THE TASK |
Apart from the pictures, everything in the lines below must be printed exactly.

AVAILABLE DATA: Begin

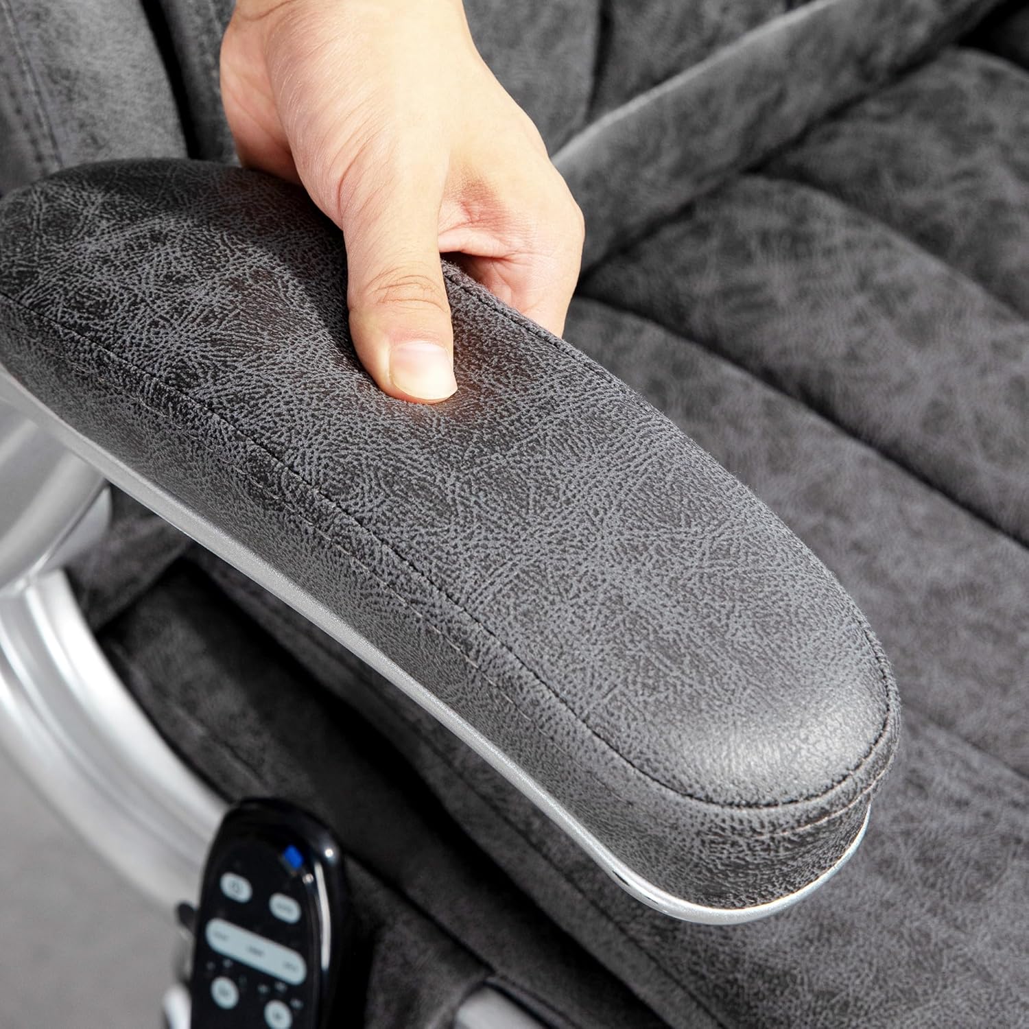 Vibration Massage and Heat: This office desk chair features a six-point vibration massage targeting the back, lumbar, and thighs, with eight modes and a 15/30-min timer. It is enhanced by a soothing heat function in the lumbar area.
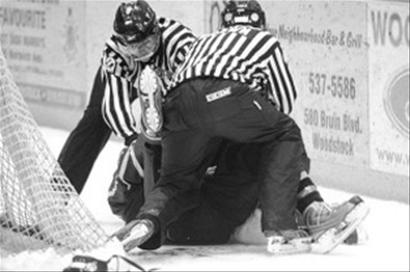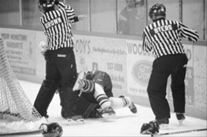 有時候勸勸架也會惹禍上身。日前,在加拿大安大略烏斯托克冰球賽場上爆出一樁“血案”:年僅25歲的邊裁在勸架時被隊員的冰刀割頸,血流不止昏迷。
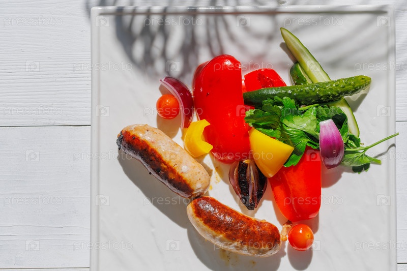 Жареные колбаски с овощами на белой тарелке в солнечный летний день
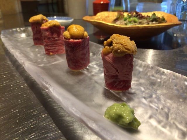 勝どき「かねます」の極上ウニを牛肉で巻いちゃうヤツがやばすぎる : Blog @narumi
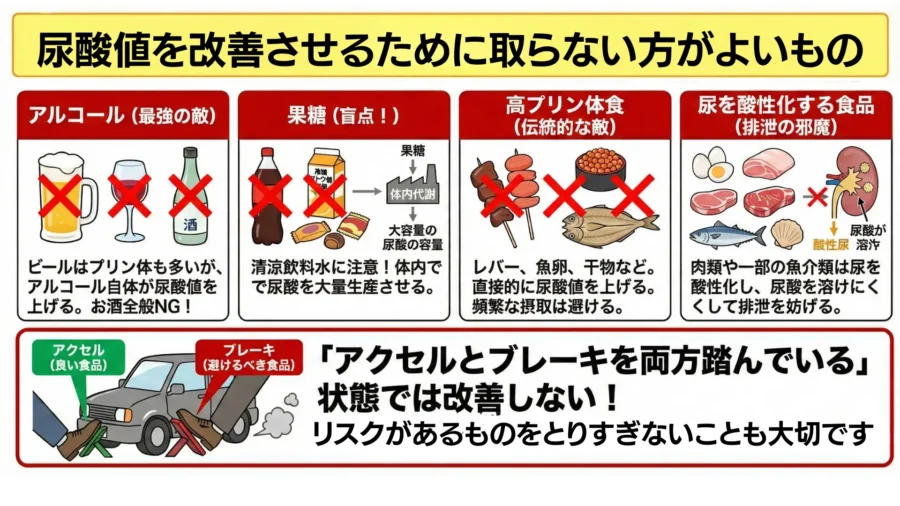 これらの食事をとっている場合は、「アクセルとブレーキを両方踏んでいる状況」になるので、上記の「尿酸値を下げる食品」をとっていても尿酸値が下がるかどうかはわかりません
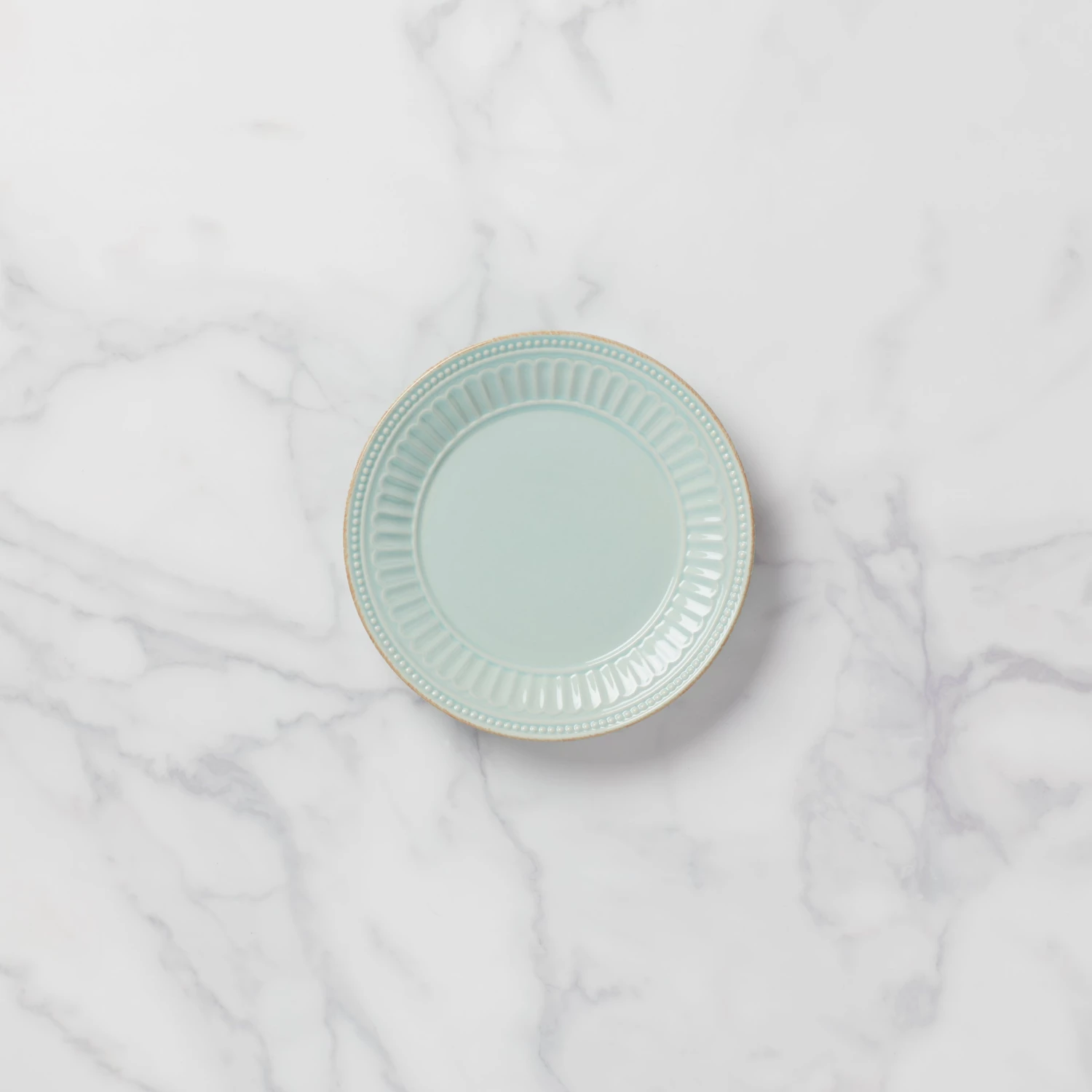 Intricate detailing inspired by hand-embroidered fabrics decorates the French Perle Groove Marine Dessert Plate.

AVAILABLE DATA: End

RESULT |
 Vibration Massage and Heat: This office desk chair features a six-point vibration massage targeting the back, lumbar, and thighs, with eight modes and a 15/30-min timer. It is enhanced by a soothing heat function in the lumbar area.
 有時候勸勸架也會惹禍上身。日前,在加拿大安大略烏斯托克冰球賽場上爆出一樁“血案”:年僅25歲的邊裁在勸架時被隊員的冰刀割頸,血流不止昏迷。
 Жареные колбаски с овощами на белой тарелке в солнечный летний день
 勝どき「かねます」の極上ウニを牛肉で巻いちゃうヤツがやばすぎる : Blog @narumi
 これらの食事をとっている場合は、「アクセルとブレーキを両方踏んでいる状況」になるので、上記の「尿酸値を下げる食品」をとっていても尿酸値が下がるかどうかはわかりません
 Intricate detailing inspired by hand-embroidered fabrics decorates the French Perle Groove Marine Dessert Plate.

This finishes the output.